Below are records with pictures in them. Output exactly the lines from the one with "- Boost muy" through the one with "Conjunto completo para", both included, and leave every picture out; give only those lines.

Dataset items:
.....

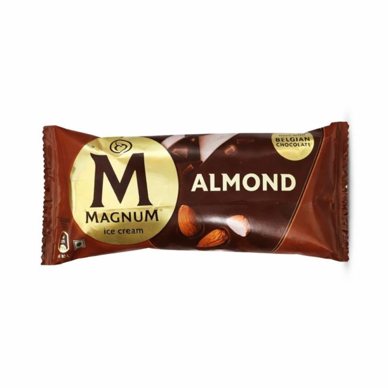 Indulge in the rich and creamy taste of Kwality Walls Magnum Almonds Ice Cream, a delightful treat that combines the smooth texture of ice cream with the crunch of almonds.
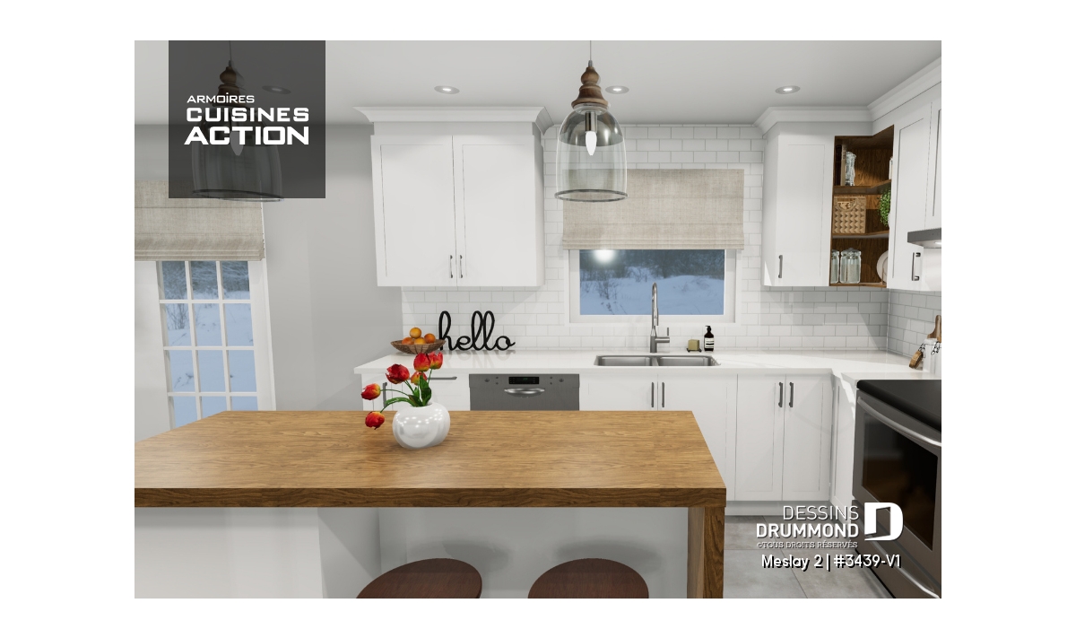 Pour ceux qui cherchent un superbe cottage budgétaire proposant à la fois un bel extérieur et un intérieur qui optimize l'éspace plancher en reduisant légèrement la grandeur de la salle à manger pour augmenter l'éspace de rangement dans la cuisine.
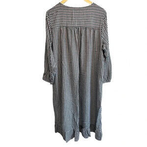 Vintage Christmas Nightgown. 100% Cotton. Red & Green Plaid, smocked collar, Long sleeves. Lace trim on cuffs, ruffled bottom, velvet ribbon.
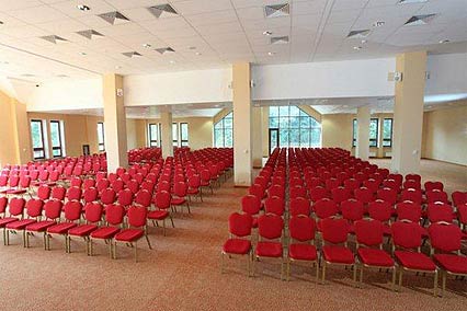 Конференц-зал: от 200 до 440 кресел, в зависимости от расположения. Оборудование: колонки, микрофон, мультимедийный проектор, флип – чарт, экран, доступ в сеть Интернет.
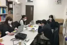 帰社して、荷物の整理や当日の報告事項を共有します。時間があれば、明日の準備も行います。
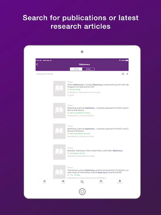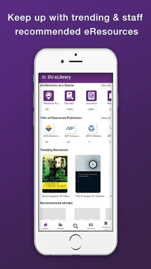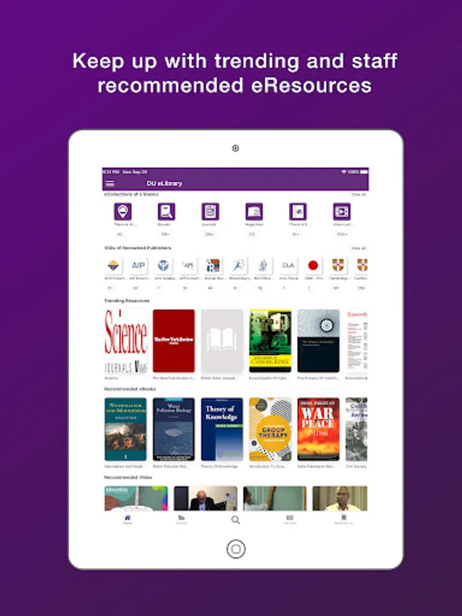 Delhi University eLibrary App serves its users with mobile, on-the go access of a massive collection of eResources and information feeds including:
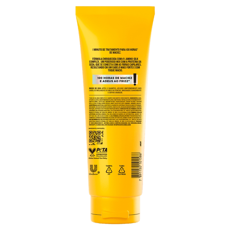 Modo de Usar: Após o shampoo, aplique uniformemente nos cabelos molhados do meio às pontas, massageie suavemente e enxágue completamente.
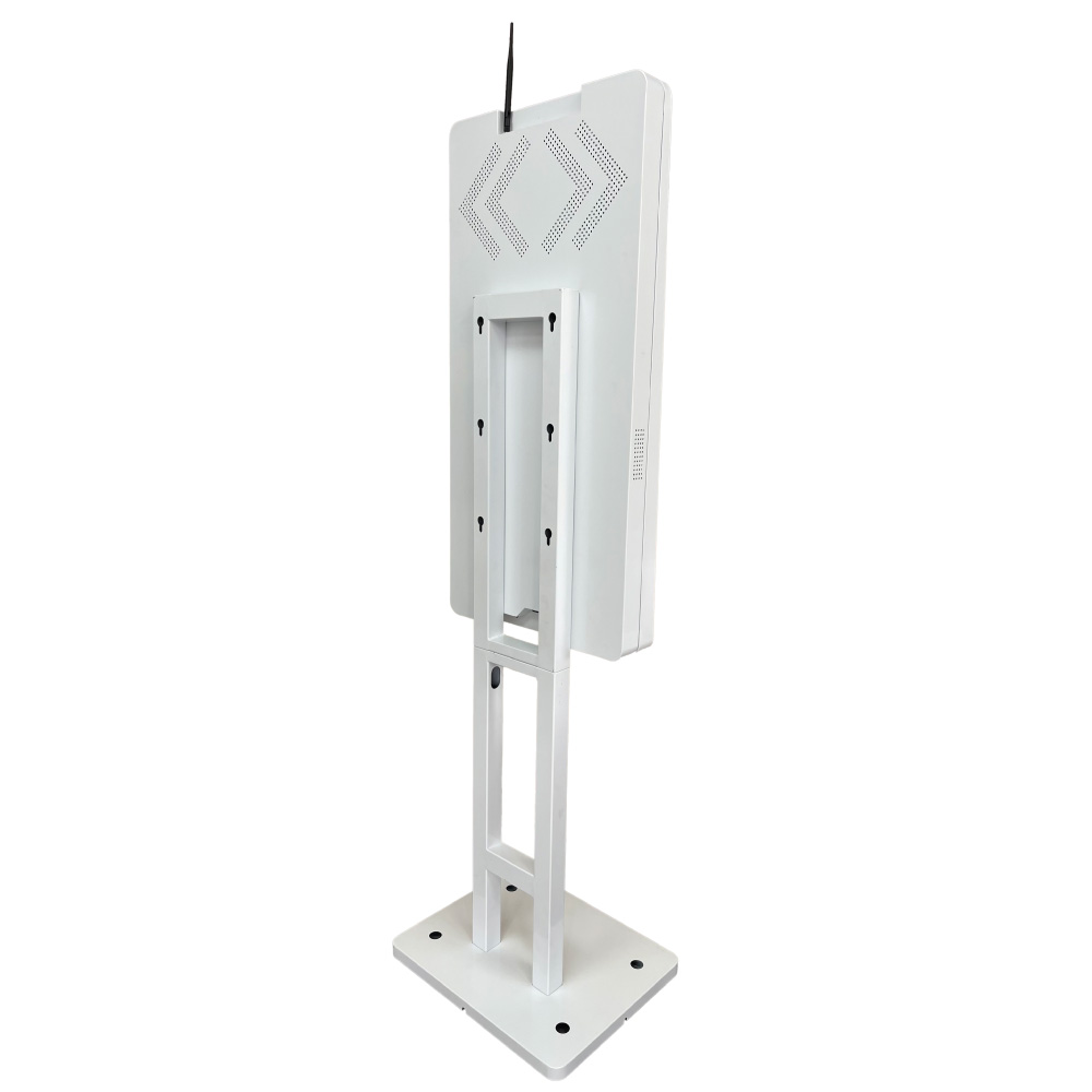 Kiosko interactivo para autoservicio con pantalla táctil, diseñado para montaje en pared o en pedestal. Ideal para toma de pedidos, pagos, turnos, check-in y consulta de catálogos en restaurantes, retail, hoteles, clínicas, universidades y entornos corporativos.
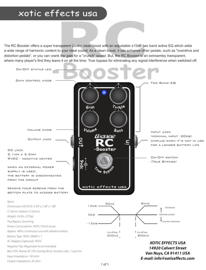 - Boost muy transparente, que realza el timbre natural del bajo.
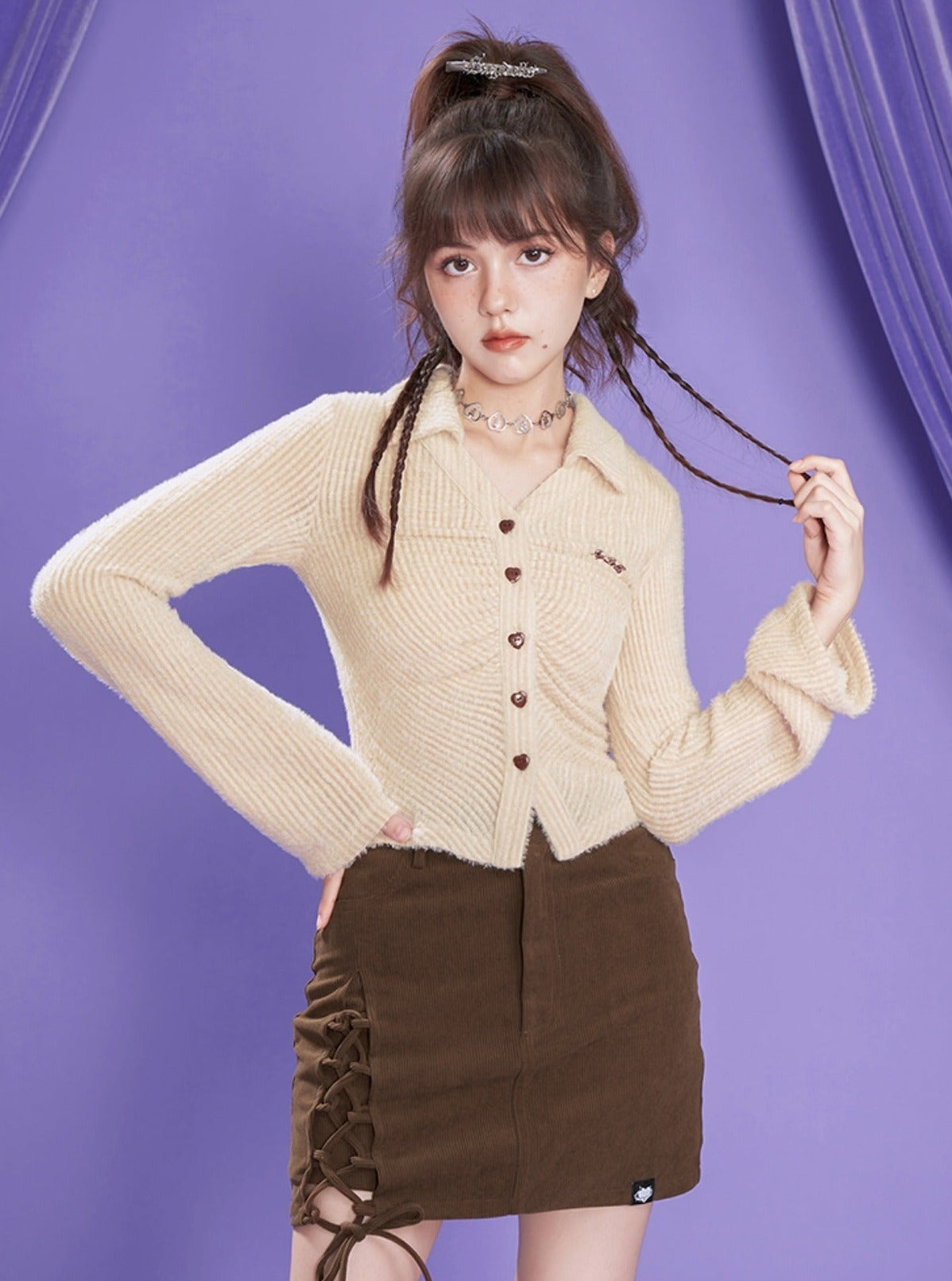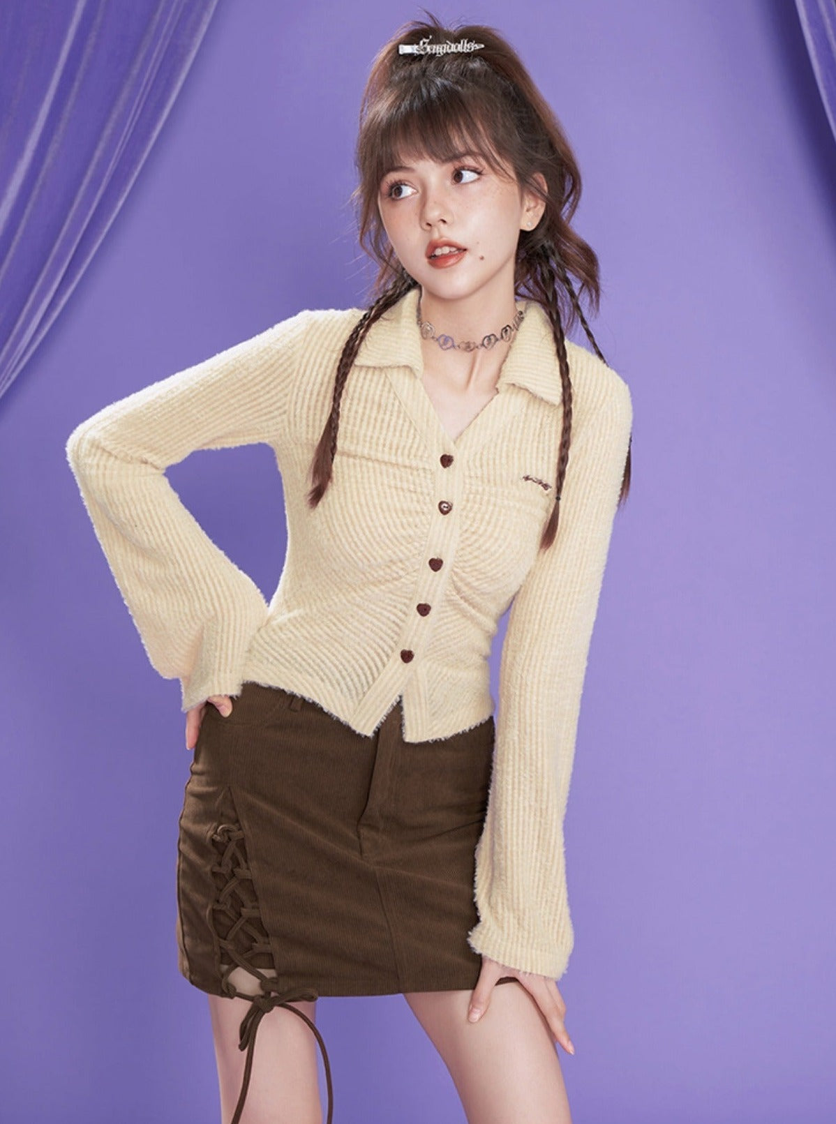 brown retro two-piece skirt
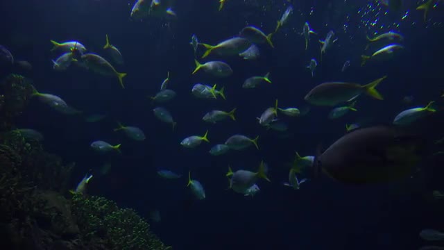 BANGKOK, THAILAND - NOVEMBER 02, 2015: Woman with tablet computer taking shots of sea animals swimming overhead in the underwater tunnel of Siam Ocean World oceanarium
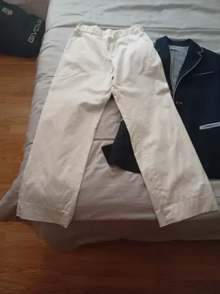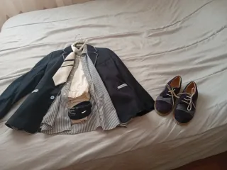 Conjunto completo para comunión de niño. - Chaqueta azul marino. - Camisa blanca con rayas azules. - Corbata blanca con rayas azules. - Pantalón a blanco, necesita remiendos, está en las fotos. - Cinturón azul marino. Todo nuevo, usado dos veces. Pero el pantalón tiene 1 descosido y los bajos para arreglar un poco, por eso el precio tan bajo. Zapatos talla 36.
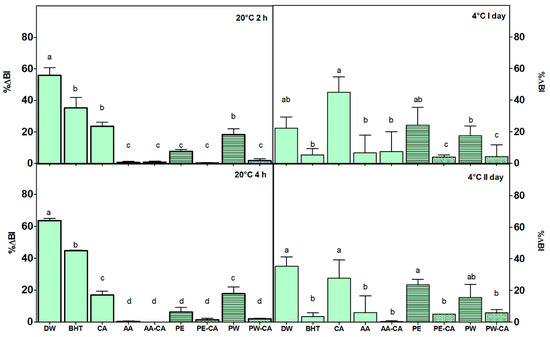 After 2 h of storage time (Figure 2), the browning appearance was evident in control dipping (DW) which showed the highest ΔBI, while adding the preservative agents, the tissue browning was significantly reduced (p < 0.05). The potato extracts, both water (PW) and ethanol (PE) solutions, showed an anti-browning effect comparable to the standard compounds. The beneficial effect exerted by P extracts could be linked to their phenolic content. Phenols have shown different behavior in enzymatic browning, depending on the type of compounds involved [49]. In the case of potato peels, the phenolic fraction contains substances, such as chlorogenic acid and caffeic acid [34], able to inhibit the PPO activity [28].

.....

### Reply
 - Boost muy transparente, que realza el timbre natural del bajo.
 brown retro two-piece skirt
 BANGKOK, THAILAND - NOVEMBER 02, 2015: Woman with tablet computer taking shots of sea animals swimming overhead in the underwater tunnel of Siam Ocean World oceanarium
 Conjunto completo para comunión de niño. - Chaqueta azul marino. - Camisa blanca con rayas azules. - Corbata blanca con rayas azules. - Pantalón a blanco, necesita remiendos, está en las fotos. - Cinturón azul marino. Todo nuevo, usado dos veces. Pero el pantalón tiene 1 descosido y los bajos para arreglar un poco, por eso el precio tan bajo. Zapatos talla 36.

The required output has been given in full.